Pretty sure this question is the same as this one?

DanNetwork Engineer


Atals - yes, totally forgot I had opened that, it's very close, I'm just getting close to making a decision, forgot bout it.
Sr. Network Engineer
Separating VLANS or macros segmentation is generally done for three primary reasons:

1.  Security/Access Control
2.  Administrative Control and Customization/Specifics
3.  Traffic Management

All of these have already been hinted at above.  I think everyone has pretty well pinged on the major one in your scenario - the phones - at least as far as you are relating relevant information.  Because of the specifics of your deployment and questions as to trust/liability, the security question is probably going to be the big one behind Traffic Management.  

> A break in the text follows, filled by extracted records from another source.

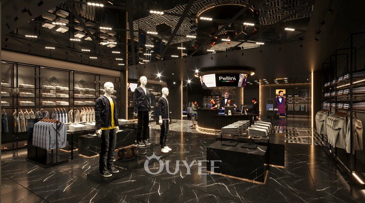 Ouyee 提供します インテリアアイデアとカスタムディスプレイ什器 スペースの美観と顧客体験を向上させたいメンズ衣料店向け。創造性と精密なクラフトマンシップを融合させます。.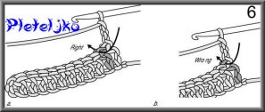 Ubodete kukicom kroz obe niti horizontalno položene petlje iz prethodnog reda a zatim na isti način obavijete nit. Obavijenu nit izvucite kukicom ispod položene petlje a nit ponovo obavijte oko kukice.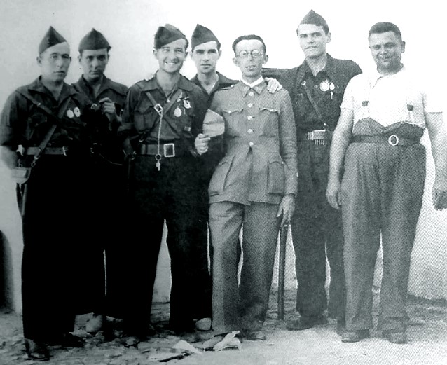 La otra fotografía corresponde a integrantes de la Escuadra Negra de Montijo (Badajoz), un grupo de falangistas a los que se atribuye el asesinato de más de ciento veinte personas en aquella localidad extremeña en 1936.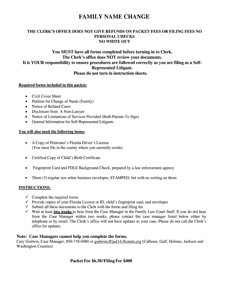 FAMILY NAME CHANGE THE CLERKS OFFICE DOES NOT GIVE REFUNDS ON PACKET FEES OR FILING FEES NO PERSONAL CHECKS NO WHITE Outdo MUST have all forms completed before turning in to Clerk. The Clerks' office

The one thing that I will add to the conversation that has not really been stated yet is this - I would go ahead and segment into subnets/vlans if for no other reason than it sets a pattern that may not be absolutely critical to function today but could become at some future point.  It is a lot easier to build it in today than it will ever be in the future.  How you choose to leverage that segmentation in the immediate is your call but it will be their and you will save yourself the biggest potential headache in the scenario - segmentation in an established/we're used to this network.
DanNetwork Engineer


thanks for the input guys
Olgierd UngehojerSenior Network Administrator

I would keep servers and PCs on one vlan and Voip on second. If you separate servers and PCs by vlans you will have to do much more configuration on the router, firewall etc. Practically every new software will have to go over thru firewall or router or some bridge to communicate with servers.  Next questions is how many DHCP server are you going to setup ? You will need separate DHCP broadcast packets and make sure that you have plan how to manage with vlans. Broadcast packets are kind nasty to deal with it and they can propagate between vlans if switch is booting up or you do some changes on trunk port.

Most of the switches has QoS and you do not need valns to give priorities for voip packets. Vlan is only an extra layer of security but if you want to have voip tight with your computers for Unified Messaging, O365 you will have to built extra configuration for it what will work thru vlans.